Tillerson’s one-day visit comes as a new report said there was “mounting evidence” of genocide against the Rohingya in Myanmar’s northern Rakhine state, where a government security operation has caused more than 600,000 Rohingya to flee to neighbouring Bangladesh.
Tillerson also met with Myanmar’s powerful military chief, Min Aung Hlaing, who is in charge of operations in Rakhine.
A senior U.S. State Department official said Tuesday that Tillerson would use the visit to “express concerns over the displacement and violence and insecurity affecting Rohingya populations and other local populations and discuss ways to help Burma stakeholders implement commitments aimed at ending the crisis and charting productive ways forward.”
Myanmar was formerly known as Burma.
The report by the United States Holocaust Memorial Museum and the advocacy group Fortify Rights found there is “mounting evidence” of genocide against the Rohinyga. It accused security forces and civilians of mass killings — including burning victims alive including infants — rape and other abuses, and called on the international community to take action.
“These crimes thrive on impunity and inaction,” said Matthew Smith, the head of Fortify Rights. “Condemnations aren’t enough. Without urgent international action towards accountability, more mass killings are likely.”
Myanmar’s military has denied the accusations, most recently with a statement Monday.
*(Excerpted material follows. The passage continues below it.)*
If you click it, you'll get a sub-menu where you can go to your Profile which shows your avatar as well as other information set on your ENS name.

The military said it had interviewed thousands of people during a monthlong investigation into the conduct of troops in Rakhine after Rohingya insurgents launched a series of deadly attacks there on Aug. 25.
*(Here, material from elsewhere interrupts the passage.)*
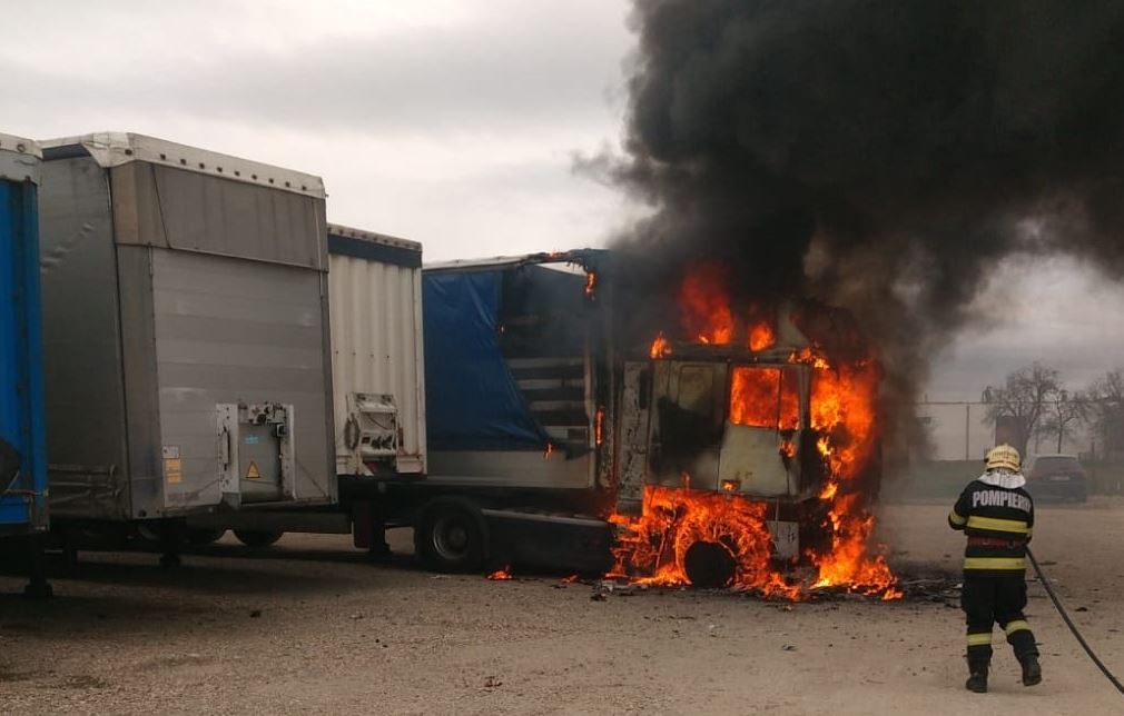 „Flăcările au La ora 12.47, în dispeceratul ISU Crișana a fost primit un apel care sesiza izbucnirea unui incendiu la un autocamion parcat în curtea unei societăți comerciale de pe strada Matei Corvin din municipiul Oradea, la fața locului deplasându-se de urgență, echipajele Detașamentului 2 de Pompieri Oradea, cu două autospeciale de stingere. Incendiul, care se manifesta violent și generalizat la un cap tractor și parțial la prelata de pe remorca autocamionului, a fost localizat și lichidat operativ, pompierii salvând remorca autovehiculului și alte trei remorci aflate în apropiere”, transmite ISU Bihor.

While the report acknowledged that battles against militants from the Arakan Rohingya Salvation Army had left 376 “terrorists” dead, it also claimed security forces had “never shot at the innocent Bengalis” and “there was no death of innocent people.”
Myanmar’s government and most of the Buddhist majority say the members of the Muslim minority are “Bengalis” who migrated illegally from Bangladesh and do not acknowledge the Rohingya as a local ethnic group even though they have lived in Myanmar for generations.